2) Te’vilâtu’l-Kur’an: İmam Maturidi’nin akli ve nakli delillere dayanarak ehl-i sünnet itikadını savunduğu bir Kur’an tefsiridir. Konular herkesin anlayabileceği sade bir uslupla anlatılmış, gerek duyuldukça diğer mezhep ve fırkaların görüşlerine de yer verilmiştir.113
Ehl-i Sünnetin ikinci itikad imamı sayılan Ebu’l-Hasen el-Eş’arî, 260/873 tarihinde Basra’da doğmuş, 324/935 veya 330/941 tarihinde Bağdat’ta vefat etmiştir. Asıl adı Ali, babasının adı İsmail’dir. İmam Eş’ari, önce Mu’tezile mezhebine bağlı idi. Kırk yaşına kadar bu mezhebin görüşlerini savundu. Bu yaşlarda rüyasında Hz. Muhammed’i gördü ve yanlış yolda olduğunu anladı. Bu arada hocası Ebu Ali ec-Cubbâî’ye yönelttiği sorularla, onu susturdu ve Mu’tezile’den ayrıldı.
İmam Eş’arî bundan sonra vahyi akılla açıklayıp kuvvetlendirmeyi esas alan yeni kelâm metodunu benimsedi. Artık ehl-i sünnet mezhebinin savunucusu oldu. İmam Maturidi ile aynı devirde yaşayan Eş‘ari, inanç konularında onunla aynı görüşleri paylaşır. Aralarında ayrıntı üzerinde bazı farklar vardır. Meselâ; Maturidi, kalbdeki imanın bir bütün olduğunu, artıp eksilmeyeceğini söylerken, Eş’ari; imanın artıp eksilebileceğini ileri sürmüştür.
Maliki ve Şafiiler itikadda Eş’ari mezhebini benimsemişlerdir. Hanbelilere göre, fıkıh ve itikad mezhebi birdir. Onlar, Ahmed b. Hanbel’in mezhebinden ayrı bir itikad mezhebine bağlanmamışlardır.
İmam Eş’ari’nin başlıca eserleri şunlardır:
1) Makâlâtu’l-İslâmiyyîn; Eş’arî, bu eserinde mezhepler hakkında bilgi verir, ölçülü tenkitler yapar, ehl-i kıbleyi dinsizlikle ithamdan kaçınır ve müsamahalı bir yol izler.
2) el-İbâne an Usûli’d-Diyâne; bu eserde, Allah’ın görülüp, görülememesi, kelâmullah, istivâ, Allah’ın sıfatları, ecel, rızık, hidayet ve dalâlet gibi kelâm problemleri kitap ve sünnet ehlinin görüşlerine göre açıklanmıştır.

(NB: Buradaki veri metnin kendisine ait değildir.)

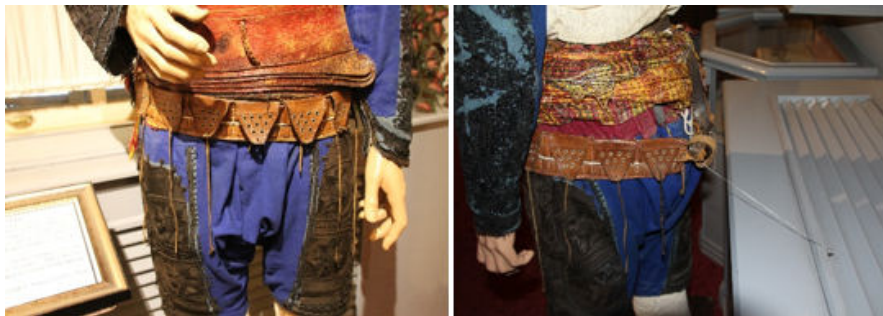
Görsel 11. Fişeklik ve radyatöre sabitlenme detayı

Fişeklik, üzerine tüfek, tabanca fişeklerinin geçirildiği bele veya omuza asılabilen kemerdir ("Fişeklik", t.y.). Fişeklik 7 cm eninde ve 123 cm boyundadır. Kahverengi deriden on iki kapaklı ve zımbalı bölüme ayrılmış fişeklik bir kemer tokası ile arkadan kordona bağlanmaktadır. Bölümler kapak şeklinde ve altta ince deri ipler ile bağlanmaktadır. Fişeklik ve dolayısı ile efe manken sabit durması için misina ile radyatöre sabitlenmiştir (Bkz. Görsel 11).
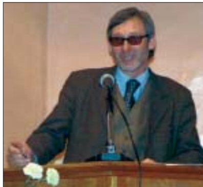
Докладывает ревизионная комиссия

ний, вновь, как и прежде, на обществе появилась молодежь, которая, как ей и положено, осваивает галерею.
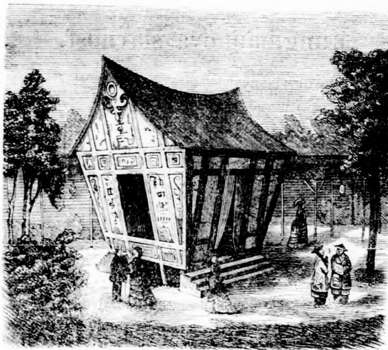
II. ČÍNSKY PAVILLON.

Dejepisné práce jeho vzbudily v kruhu učencov a hlavne historikov veľkú pozornosť, tak že i — jako už spomenuto — „Kráľovská česká spoločnosť nauk“ pre zásluhy na poli historie Uhorska dňa 7. Dec. 1870 ho svojim dopisujúcim členom menovala. Avšak jeho historické studia niesú ob-
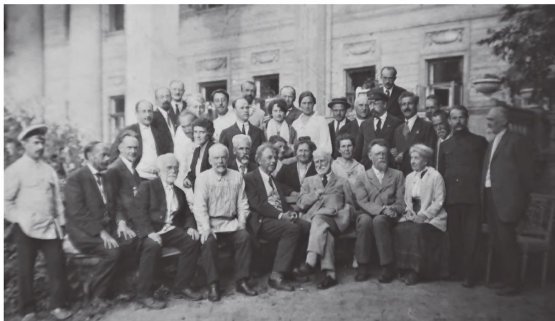
Группа отдыхающих Санатория «Узкое» ЦЕКУБУ, 1922 г. АРАН. Ф. 311. От. 1а. Д. 121. Л. 79.

«Республика Санузия» («Санта-Узкое») — «Республика ученых»
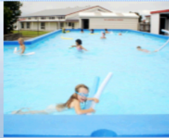
Outdoor Education / Camps
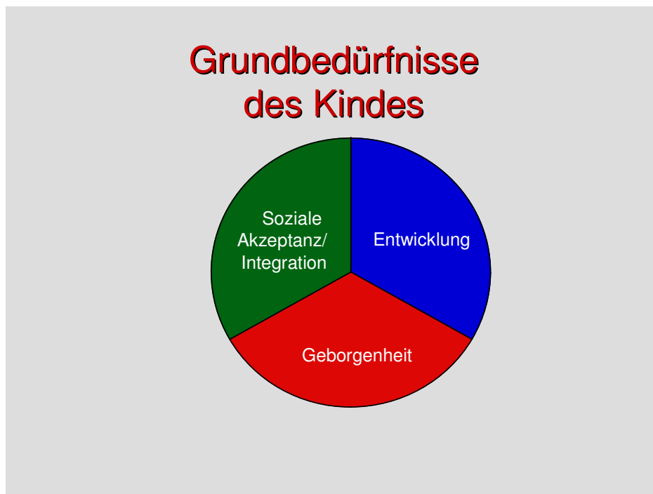
Abbildung 1. Zürcher Fit Modell.

Diese Forderungen gelten prinzipiell für alle Kinder, normal entwickelte, behinderte, akut und chronisch kranke Kinder (Largo 2002). Es sind die Grundbedürfnisse eines jeden Kindes. Beim chronisch kranken Kind müssen unsere Bemühungen so ausgerichtet sein, dass sie der langfristigen Beeinträchtigung Rechnung tragen. Diese Forderungen der WHO entsprechen dem Zürcher Fit Modell, welches die Bedürfnisse eines Kindes in drei Bereichen definiert: Bei der Geborgenheit, der sozialen Akzeptanz und in der Entwicklung.
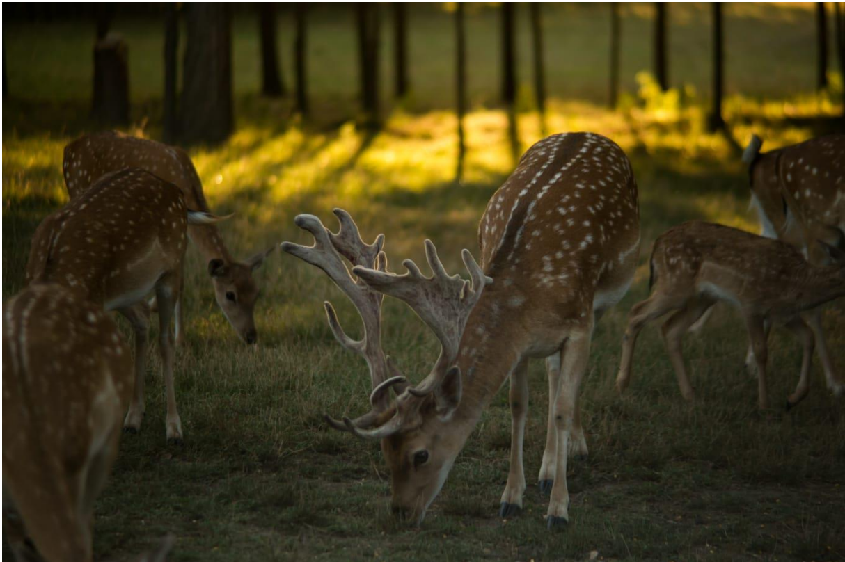
Slika 11. Prikaz mladog matičnog stada

Što se tiče omjera spolova, kod uzgoja u zatvorenim površinama on iznosi 1:10 u korist ženki. Kod kupnje matičnog stada preporuča se odlazak do prodavača sa stručnjakom kako bi bili sigurni u kvalitetu divljači te zdravstveno stanje. Za novo matično stado najbolje su jedinke starosti od 3 do 6 godina jer se kod njih mogu primijetiti potrebne osobine. Kupnja teladi nije preporučljiva iz više razloga. Jedan od njih je taj što kod teladi nisu vidljive osobine jer je ono još malo, kao ni kvaliteta te trofejna vrijednost, a drugi razlog je taj što je telad plah i jako teško se prilagođava na novi okoliš. Kupnju matičnog stada kao i prodaju i kupnju žive divljači najbolje bi bilo obaviti poslije parenja odnosno između prosinca i ožujka. U tom periodu životinje su najmirnije i lakše im se prilagoditi na nova područja. Najgore vrijeme za kupnju žive divljači je u vrijeme parenja jer su tada jedinke najagresivnije (slika 11.) (Janicki, 1997.).
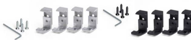
ZACISK ZEWNĘTRZNY - ZESTAW 4 SZT.
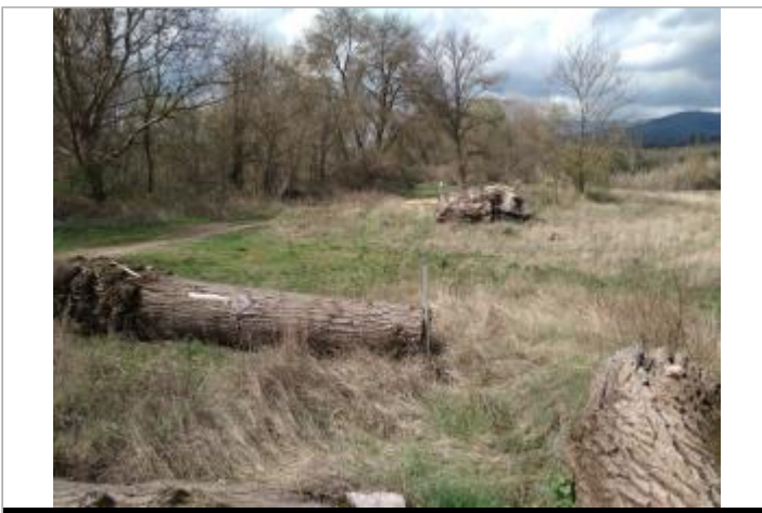
Bille de peuplier

GÉOLOCALISATION Coordonnées WGS84 : X: 3.10628920 / Y: 43.58786590 Coordonnées RGF93 (Lambert 93) X: 708586.7 / Y: 6276539.99 Coordonnées RGF93 (ETRS89) : X: 3.1062892 / Y: 43.5878659 Code Hydro: Y25-0400 Rive de référence: Droite
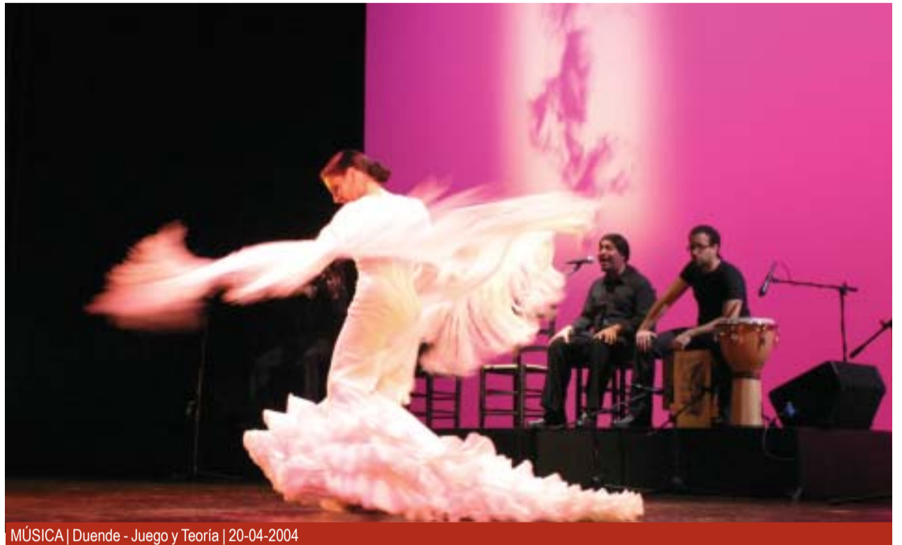
MÚSICA | Duende - Juego y Teoría | 20-04-2004
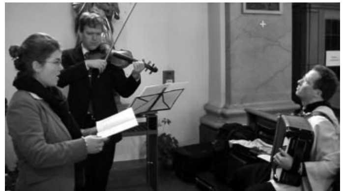
Jüdische Lieder während der Kommunion.
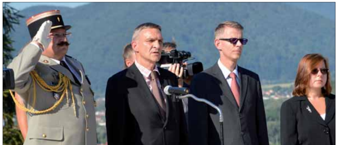
Delegácia francúzskeho veľvyslanectva na Strečne

Regionálne oslavy Výročia SNP žilinskej kotliny sa uskutočnili 25. augusta pri Pamätníku francúzskych partizánov na vrchu Zvonica pri Strečne.
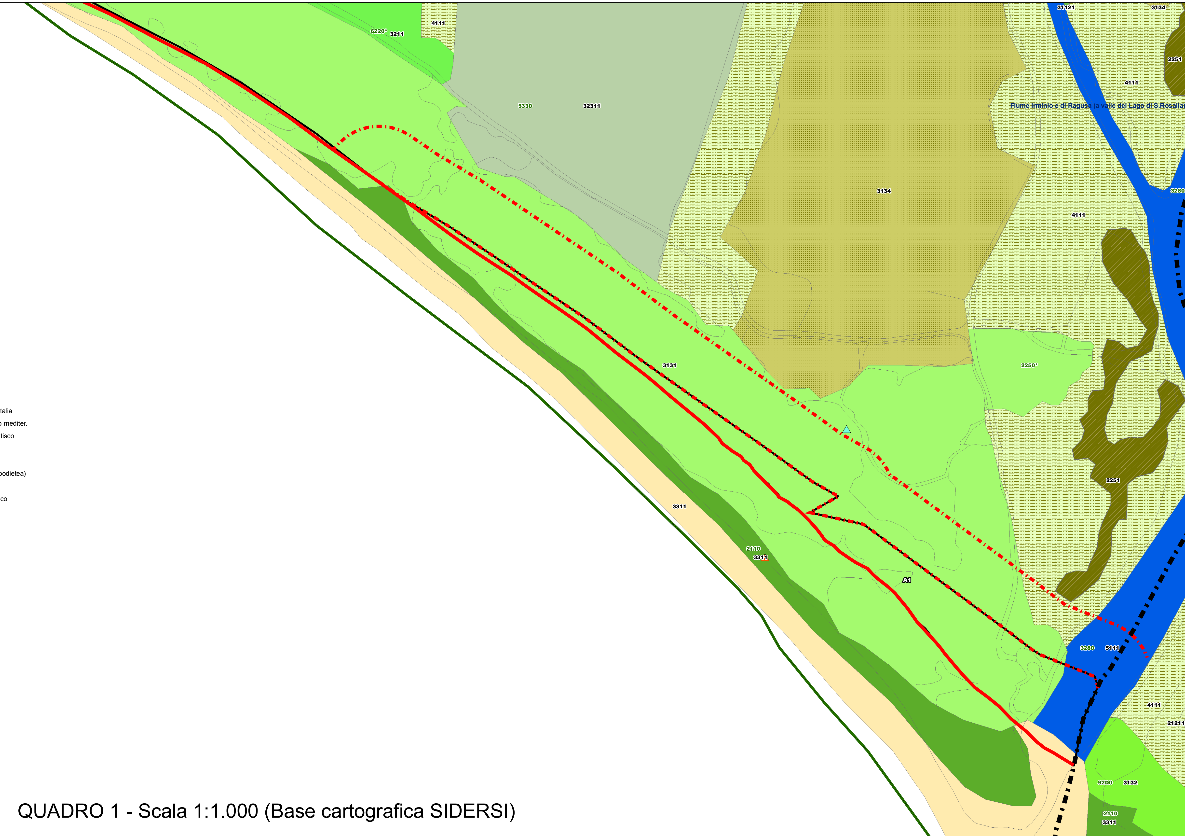
QUADRO 1 - Scala 1:1.000 (Base cartografica SIDERSI)
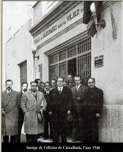
Imatge de l'oficina de CaixaBank, l'any 1946

La capillaritat de la xarxa conjunta amb les capacitats digitals - amb 10 milions de clients digitals a Espanya- permetran seguir millo-
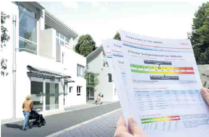
Energieausweise haben eine Gültigkeit von zehn Jahren. Verpflichtend ist ein aktuell gültiger Ausweis bei Vermietung oder Verkauf einer Immobilie.
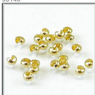
Klemme skjuler Guldfarvet 4 mm.
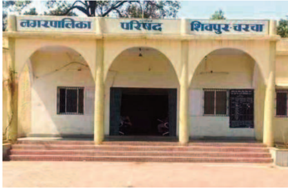
शिवपुर चरचा नगरपालिका परिषद
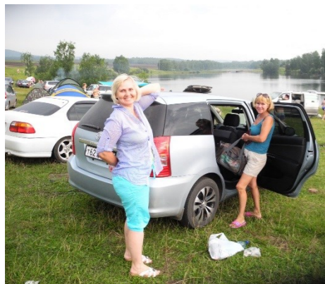
У нас с подругой и машина напополам!
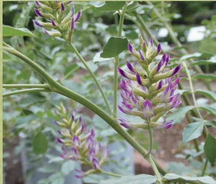
ウラルカンゾウ (5月)
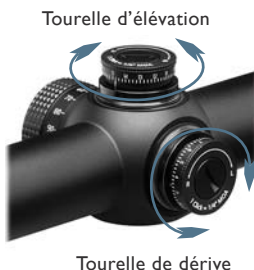
Tourelle de dérive

Note: Une fois le simpleautage complété, vous pouvez, si vous le souhaitez, réaligner les points zéro des molettes de tourelles avec les points de référence (voir Indexation des cadrans d'ajustement avec le Zero Reset à la page 12). Remplacez les couvercles lorsque vous avez terminé.

3) er-Risâle fî İstihsani’l-Havz; Eş’arî, bu eserde; kendisine bid’atçı diyenlere karşı ayet ve hadislerle cevap vermiş, dinde akıl yürütmenin mübah olduğunu ortaya koymuştur.
4) el-Luma; Eş’arî’nin kelâma dair görüşlerini içine alan önemli bir eserdir.114
İmam Maturidi ve İmam Eş’arî kendi devirlerinde ortaya çıkan bozuk akide, felsefe ve bid’atların önüne geçmiş, ayrılık ve bölünmelere fırsat vermemişlerdir.